Please copy exactly the line that contains "Бендель акцентирует внимание" and every line after it through the end of the records, leaving the pictures out.

--- DATA RECORDS Enclosed Below ---

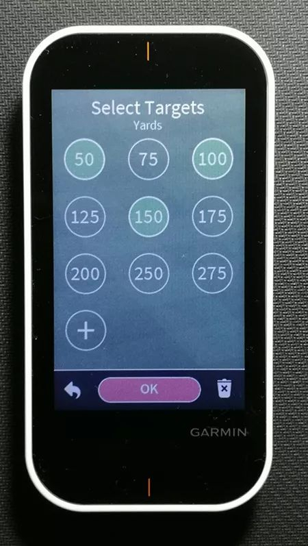 第四个功能选项是“TargetPractice(目标训练)”。你可以选择50码以上(包括50码)的任意一个或多个距离作为目标,每个目标进行5次击球。G80会根据球落点与设置目标的远近而评分。目标训练功能可以个人使用,也可以两人一起使用,让枯燥的练球变成一场分数直观的练习,或是作为两个人的练习场比拼。
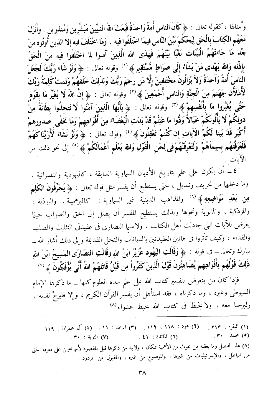 4- أن يكون على علم بتاريخ الأديان السماوية السابقة، كاليهودية والنصرانية، وما دخلهما من تحريف وتبديل، حتى يستطيع أن يفسر قوله تعالى: {يُحَرِّفُونَ الْكَلِمَ عَنْ مَوَاضِعِه} 6، والمذاهب الدينية غير السماوية: كالبرهمية، والبوذية، والمزدكية، والمانوية ونحوها، وبذلك يستطيع المفسر أن يصل إلى الحق والصواب حينما يعرض للآيات التي جادلت أهل الكتاب، ولا سيما النصارى في عقيدتي التثليث والصلب والفداء، وكيف تأثروا في هاتين العقيدتين بالديانات والنحل القديمة وإلى ذلك أشار الله تبارك وتعالى في قوله: {وَقَالَتِ الْيَهُودُ عُزَيْرٌ ابْنُ اللَّهِ وَقَالَتِ النَّصَارَى الْمَسِيحُ ابْنُ اللَّهِ ذَلِكَ قَوْلُهُمْ بِأَفْوَاهِهِمْ يُضَاهِئُونَ قَوْلَ الَّذِينَ كَفَرُوا مِنْ قَبْلُ قَاتَلَهُمُ اللَّهُ أَنَّى يُؤْفَكُونَ} 7.
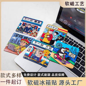 新款卡通创意谐音创意城市软磁冰箱贴ins风个性创意diy磁吸冰箱贴
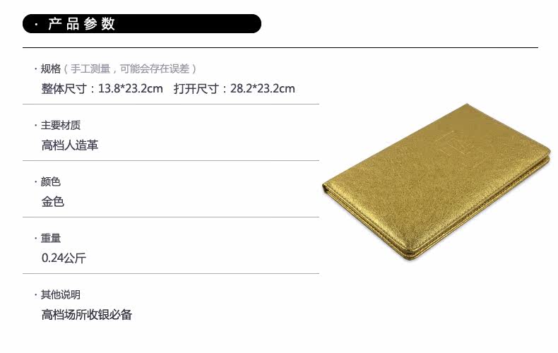 重量:0.24kg/本Model: Gold high-grade cash register clipSize: 150 * 235 (MM)Weight: 0.24kg / the
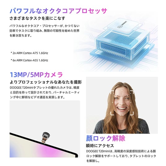高性能タブレットの魅力DOOGEE T20 Miniは、13MPリアカメラやGPS+Beidou+GLONASS+Galileo+AGPSナビゲーションを搭載しており、旅行や日常の様々なシーンで活躍します。顔認識機能を備えたセキュリティも強化されており、プライバシーを守りながら安心して利用できます。
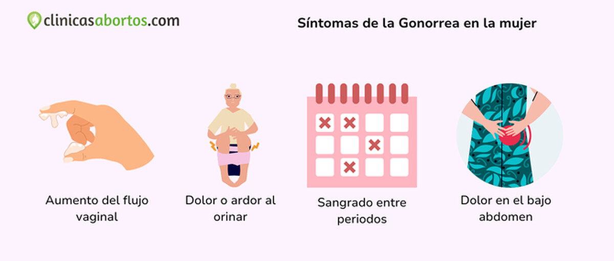 Síntomas de la gonorrea en mujeres: pueden incluir aumento del flujo vaginal, a veces amarillento o con sangre, ardor al orinar y sangrados fuera del periodo o tras las relaciones sexuales. También puede aparecer dolor en el bajo abdomen y, en algunos casos, dolor de garganta.
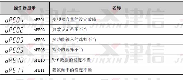 對策∶檢出故障后,請正確設定參數以排除故障原因。在沒有正確設定參數之前,變頻器將無法起動。
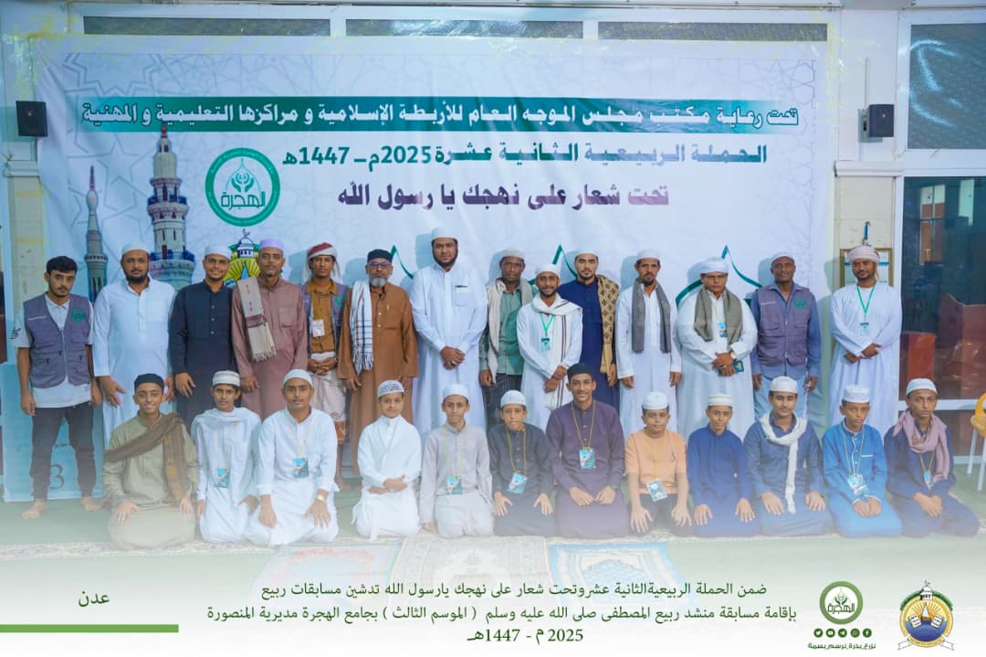 في مساءٍ يشرق بأنوار الذكر والمدائح النبوية، وضمن الحملة الربيعية الثانية عشر وتحت شعار «على نهجك يا رسول الله»، دشّنت مؤسسة الهجرة الخيرية للتنمية عصر يوم السبت 14 ربيع الأول 1447هـ الموافق 6 سبتمبر 2025م، باكورة مسابقات ربيع لهذا العام بإقامة مسابقة “منشد ربيع المصطفى صلى الله عليه وسلم ” – الموسم الثالث، وذلك في رحاب جامع الهجرة بمديرية المنصورة.
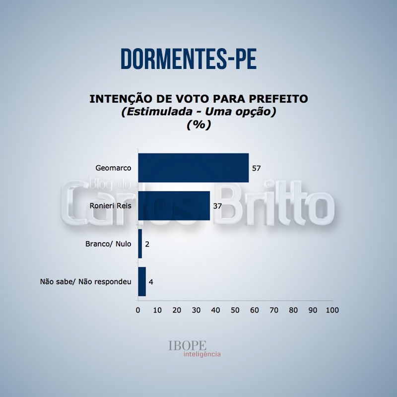 O Blog publica agora a pesquisa realizada pelo instituto Ibope no município de Dormentes, Sertão do São Francisco. O resultado mostra uma ampla vantagem, de 20 pontos, do candidato Geomarco Coelho (PSB), que disputa a eleição contra o atual prefeito Roniere Reis (PMDB).
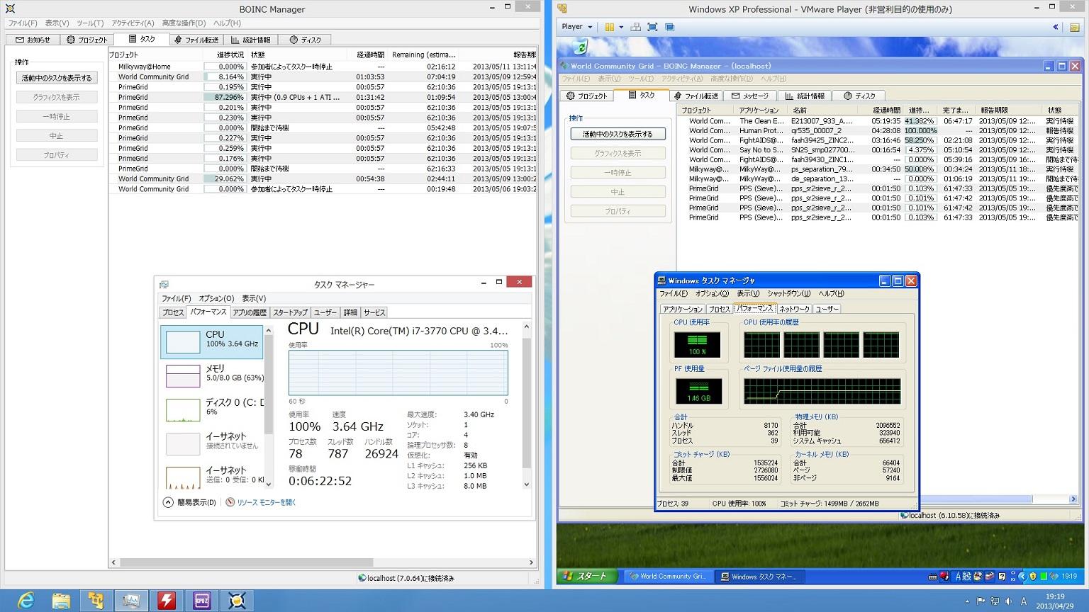 特に、Windows XPが必要なソフトウェアは使用していないので、とりあえずBOINCをWindows8と仮想PCのWindowsXPの両方で実行してみました。
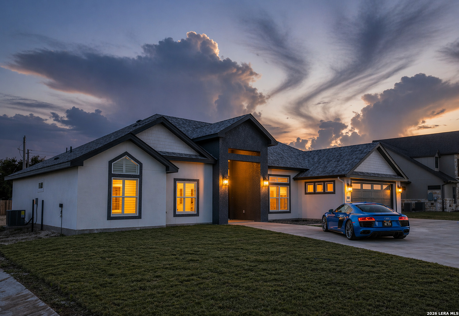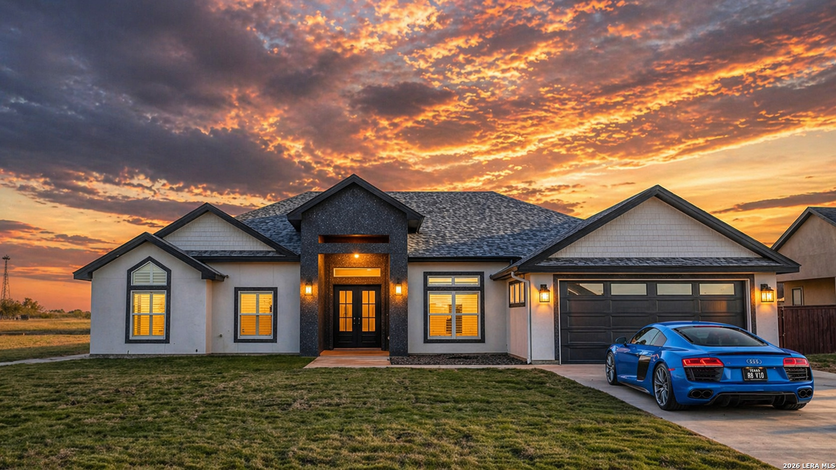 Now offering $5,000 is buyers concessions! This newly completed custom home in one of Uvalde's most desirable new neighborhoods offers a thoughtful blend of modern design, quality craftsmanship, and everyday comfort. With 4 bedrooms, 3.5 baths, and approximately 2,280 sq. ft. of living space, the layout centers around a highly sought-after open concept that brings the kitchen, dining, and living areas together in one inviting setting. The interior is finished with ceramic tile throughout for a clean, cohesive look and easy maintenance. A 10-foot quartz island anchors the custom kitchen, complemented by custom cabinetry, a beautifully tiled backsplash, and a dedicated dining area plus a breakfast nook. A convenient half bath sits just off the kitchen and also opens to the back patio-an ideal setup for entertaining or future outdoor additions like a pool. Large French doors lead to the covered back porch, creating a great place to unwind in the evenings. The primary suite features a coffered ceiling with white-washed exposed beams, a spacious walk-in closet with built-ins, and a stunning bath complete with dual vanities, a custom tile shower with frameless glass, and a private water closet. Two guest bedrooms include plantation-style shutters, generous walk-in closets with built-in storage, and easy access to a beautifully finished guest bath with quartz counters and a custom walk-in shower. Across the main living area, a second master suite offers flexibility for multigenerational living, extended guests, or a private home office. Additional highlights include custom lighting throughout, decorative eave lighting that gives the home incredible curb appeal at night, a custom steel industrial-style front door with smart keypad entry, and two HVAC units for efficient climate control. The laundry room offers excellent natural light, cabinetry, and a built-in folding table. The fully finished two-car garage includes sheetrock, trim, paint, architectural windows, LED lighting, and an electric opener. Outside, the home features fresh sod, a front sprinkler system, and sits on just over one-third of an acre. The location is hard to beat-just blocks from four major schools and less than five minutes from Uvalde's new hospital. This is a true custom build with finishes and details that set it apart from the typical new-construction home
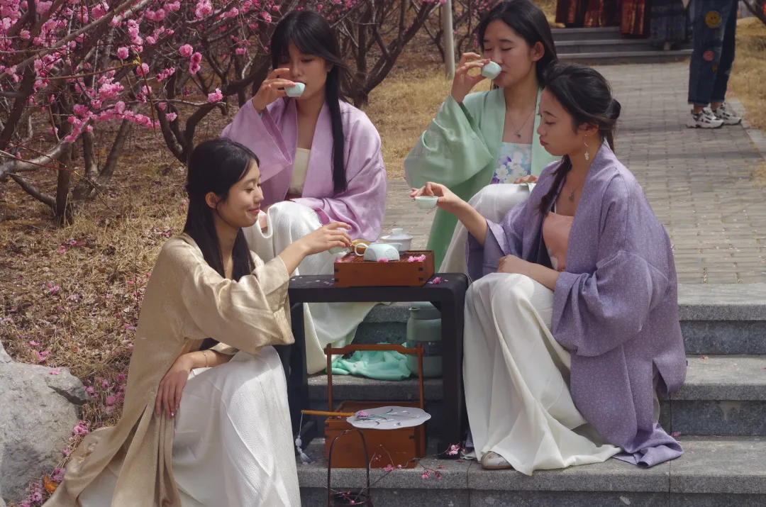 在花香与茶香中,与志同道合的朋友共赏汉服之美,同叙春日情怀。
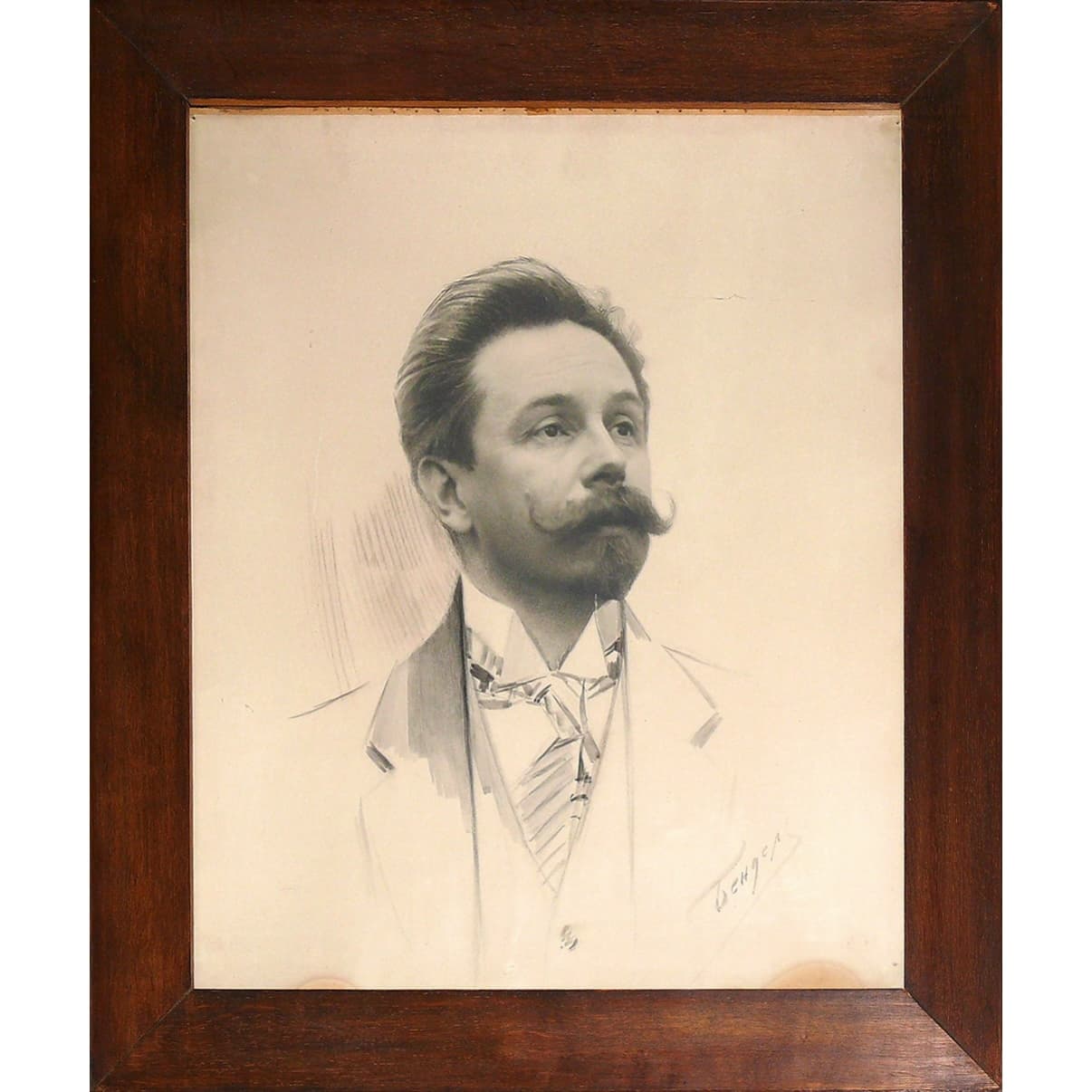 Бендель акцентирует внимание на голове и шее композитора, убирая ненужные детали и добавляя графические элементы в виде костюма, создающие впечатление, что это не фотография, а рисунок. В отличие от некоторых других снимков, здесь Скрябин запечатлён в официальном стиле с нейтральным выражением лица. Тем не менее, Бендель смог превратить его студийный портрет в произведение искусства.
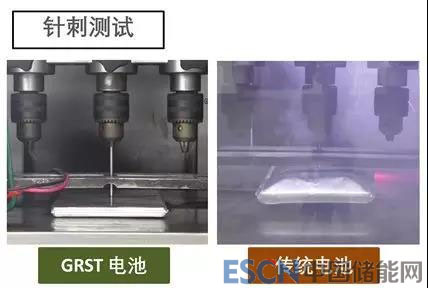 除此外,GRST還通過材料改造和結構設計,大大提高了電池的安全性。在針刺測試中,GRST鋰電池完全保持穩(wěn)定,而同材料體系下,傳統(tǒng)電池發(fā)生冒煙起火現(xiàn)象。而GRST針對礦用產(chǎn)品所開發(fā)的高容量軟包電池,可以完全通過10V過充的苛刻要求,僅出現(xiàn)鼓包情況,表面溫度低于150?C,而同材料體系下,傳統(tǒng)電池發(fā)生冒煙起火現(xiàn)象。

--- End of Enclosed DATA RECORDS ---

TASK ANSWER:
 Бендель акцентирует внимание на голове и шее композитора, убирая ненужные детали и добавляя графические элементы в виде костюма, создающие впечатление, что это не фотография, а рисунок. В отличие от некоторых других снимков, здесь Скрябин запечатлён в официальном стиле с нейтральным выражением лица. Тем не менее, Бендель смог превратить его студийный портрет в произведение искусства.
 除此外,GRST還通過材料改造和結構設計,大大提高了電池的安全性。在針刺測試中,GRST鋰電池完全保持穩(wěn)定,而同材料體系下,傳統(tǒng)電池發(fā)生冒煙起火現(xiàn)象。而GRST針對礦用產(chǎn)品所開發(fā)的高容量軟包電池,可以完全通過10V過充的苛刻要求,僅出現(xiàn)鼓包情況,表面溫度低于150?C,而同材料體系下,傳統(tǒng)電池發(fā)生冒煙起火現(xiàn)象。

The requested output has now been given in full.